Auburn leadership moves toward ending AD Jay Jacobs' tenure

Auburn's president and board of trustees have laid the groundwork to end Jay Jacobs' tenure as athletics director, AL.com has learned. Unless the leadership changes its current position, which it discussed in a conference call this week, the only variables are who will replace Jacobs and when the transition will take place.

That transition was expected to take place after the current football season, but recent scandals involving the school's softball and men's basketball programs have accelerated the process, according to a source with knowledge of the situation.

Earlier Friday afternoon, Auburn president Steven Leath declined to comment when asked by AL.com if he still maintained confidence in Jacobs' ability to run the program given the scandals.

(Late Friday night, after this story was published, Leath released the following statement: "The report is inaccurate. Jay Jacobs is the athletics director, and I have had no such conference call with the Board of Trustees.")

A former Auburn walk-on football player, Jacobs was named Auburn's 14th athletics director in 2004 after working in various areas of the athletics department for two decades.

Auburn has won 12 national championships during Jacobs' tenure as AD, but the program has been plagued in recent years by a series of coaching hires that went wrong and scandals that put the university in a bad light.
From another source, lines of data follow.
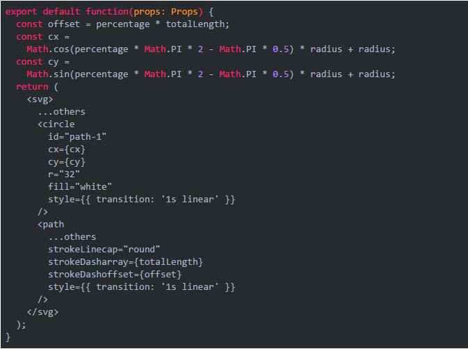 有些样式可能用 css 实现难度较大,而用 svg 的方式实现起来非常简单。比如倒计时 UI,路径圆角和路径长度用 CSS 实现复杂度较高。可以在 Sketch 上直接绘制处理,导出成 svg,直接通过 react 代码控制。
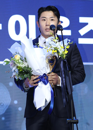 [스포티비뉴스=잠실, 곽혜미 기자] 2025 신한은행 SOL뱅크 KBO 시상식이 24일 오후 서울 송파구 잠실 롯데호텔 월드에서 열렸다. 우익수 부문 수비상을 수상한 삼성 김성윤이 소감을 말하고 있다.
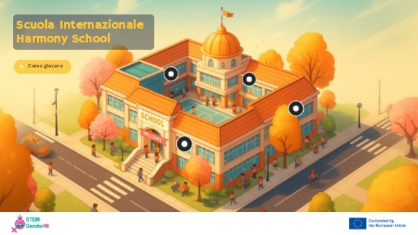 Benvenuti e benvenute! Esplorate la nostra scuola virtuale per individuare gli stereotipi di genere.
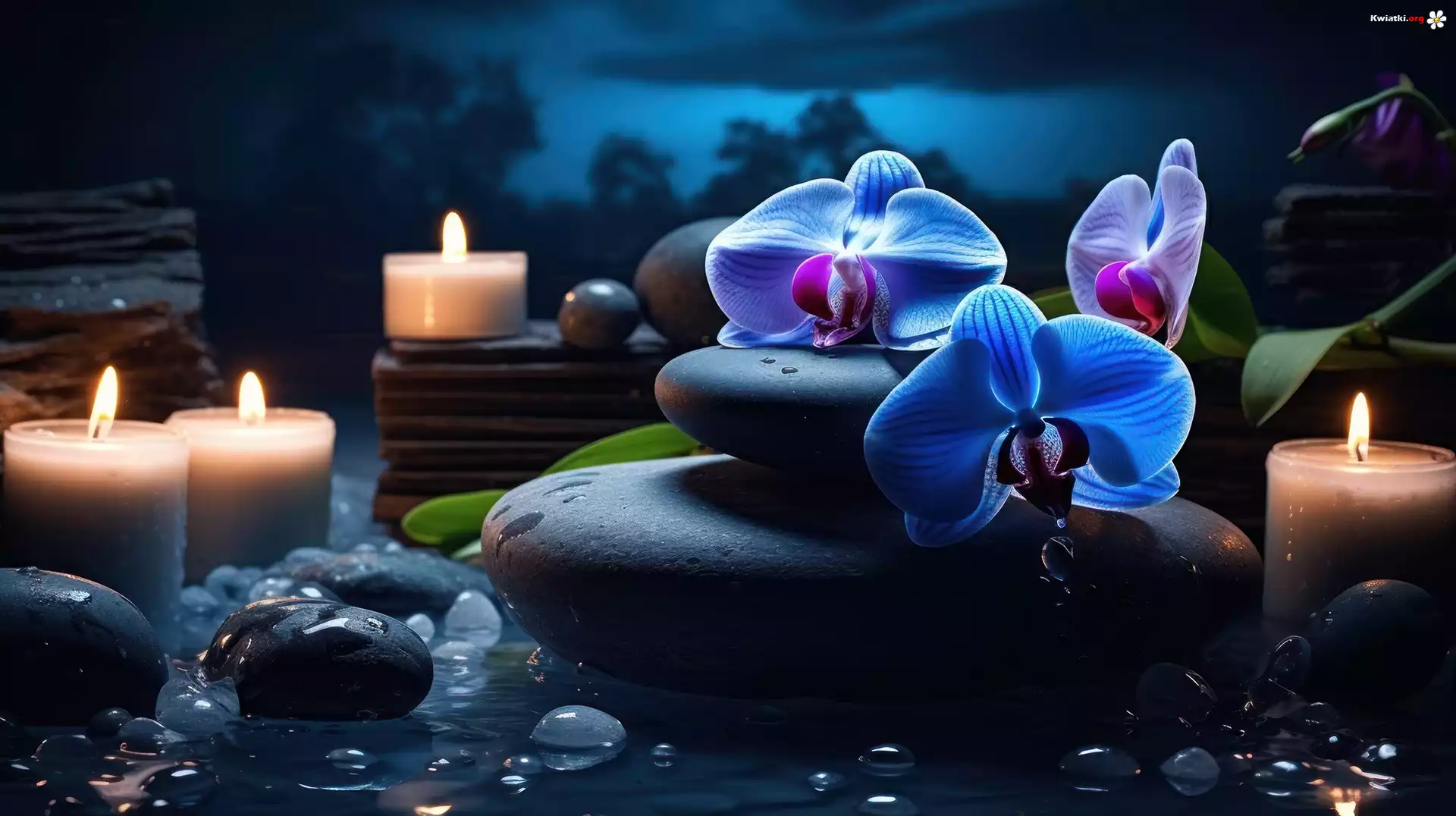 Kwiat Orchidea, Kwiaty, Storczyki, Kamienie, Świece, Grafika
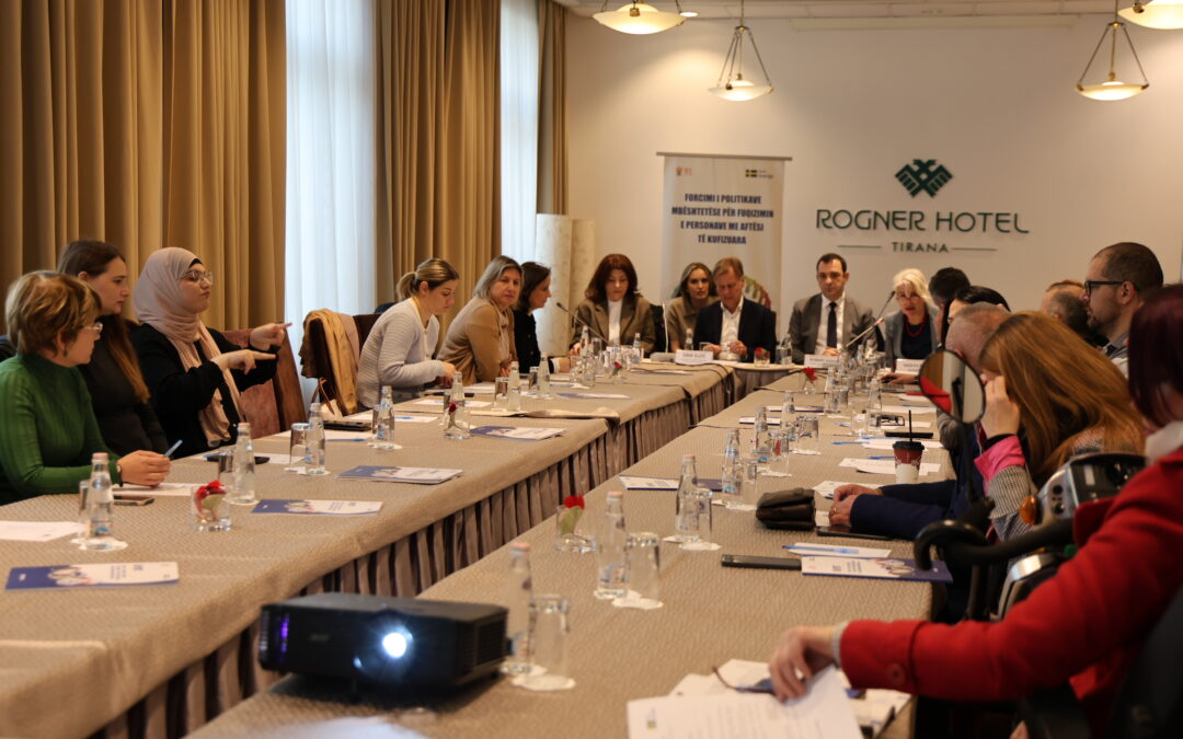 The findings of the report “Effects of the implementation of the disability assessment scheme based on the bio-psycho-social model”, prepared by Together for Life with the financial support of the Embassy of Sweden in Tirana, were presented during a roundtable discussion with the participation of representatives from central institutions, independent human rights institutions, the State Social Service, the State Inspectorate of Labor and Social Services, the National Employment and Skills Agency, the Municipality of Tirana, the Municipality of Kamëz, as well as civil society organizations working in the field of disability.
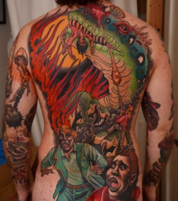 背部卡通风格彩色邪恶龙与可怕人类纹身图案
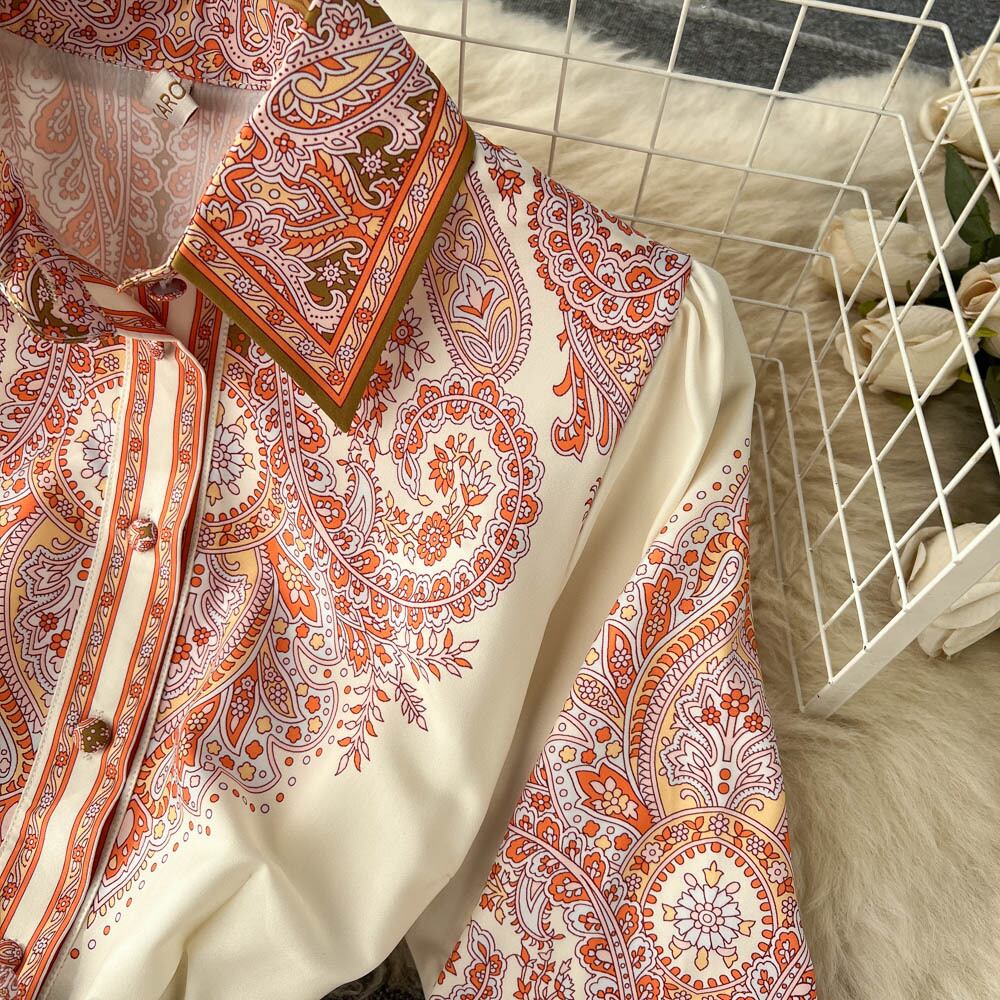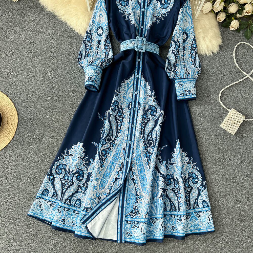 春と秋のヨーロッパとアメリカのインレトロなスタンドカラーのランタンパフスリーブプリントドレスの女性の腰と大きなスイングオーバーザニーロングスカート スプリング 春物 オータム 秋物 ヨーロピアン lyxaj51931282179
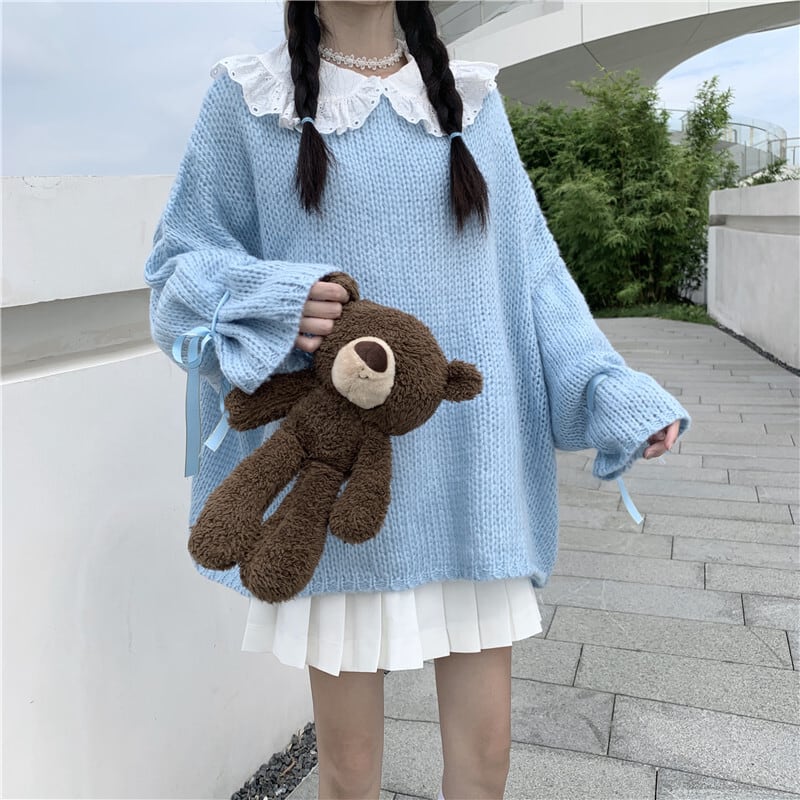 ニット セーターラウンドネック長袖 長そでスリーブ 袖ブルー 青ニットトップス ロング マキシロング丈 マキシ丈 かわいい 可愛い ガーリー 大人可愛い 大人かわいい フェミニン 大人ガーリー 女性 レディース ゆめかわ64380674435 | nice import1
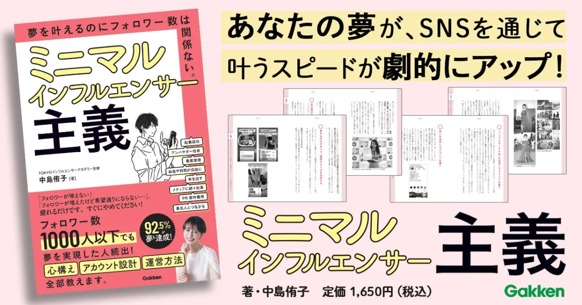 人気インフルエンサー養成学校、TOKYOインフルエンサーアカデミーの代表、中島侑子氏が新著『ミニマルインフルエンサー主義夢を叶えるのにフォロワー数は関係ない。』を2025年8月25日に発表します。この本は、フォロワー数が1,000人未満でもSNSで夢を実現できる秘訣を教育します。

At the moment, Birmingham law firm Lightfoot, Franklin and White is conducting separate reviews at the request of the university of the softball and men's basketball programs.

The softball review comes in the wake of the resignations of head coach Clint Myers and associate head coach Corey Myers after a Title IX complaint alleging the younger Myers had and pursued improper relationships with student-athletes and the elder Myers, his father, allowed the behavior to occur.

The men's basketball review is related to an FBI probe that has resulted in the arrests of 10 different people connected to the sport, including Auburn associate head coach Chuck Person. Person has been charged with six federal crimes for his alleged involvement in a bribery and conspiracy scheme to steer Auburn players to a disgraced financial adviser named Martin Blazer, who was working as an FBI informant.

In August, Jacobs said he "could have been more forthcoming" about the school's own investigation into former softball assistant Corey Myers. He issued a statement suggesting he had acted properly, but he was heavily criticized for allowing Myers to resign last fall but then return to the team. Myers resigned abruptly during the season in March, and his father followed him out the door in August, although Clint Myers' departure was called a "retirement" in Auburn's official release.

The basketball scandal has called into question Jacobs' selection of head coach Bruce Pearl, who was still under a show cause for NCAA violations in his previous coaching position at Tennessee when Auburn hired him.

One name that may receive consideration to replace Jacobs: David Benedict. Currently the UConn AD, Benedict spent two years as the chief operating officer of Auburn Athletics before taking the Connecticut job in 2016.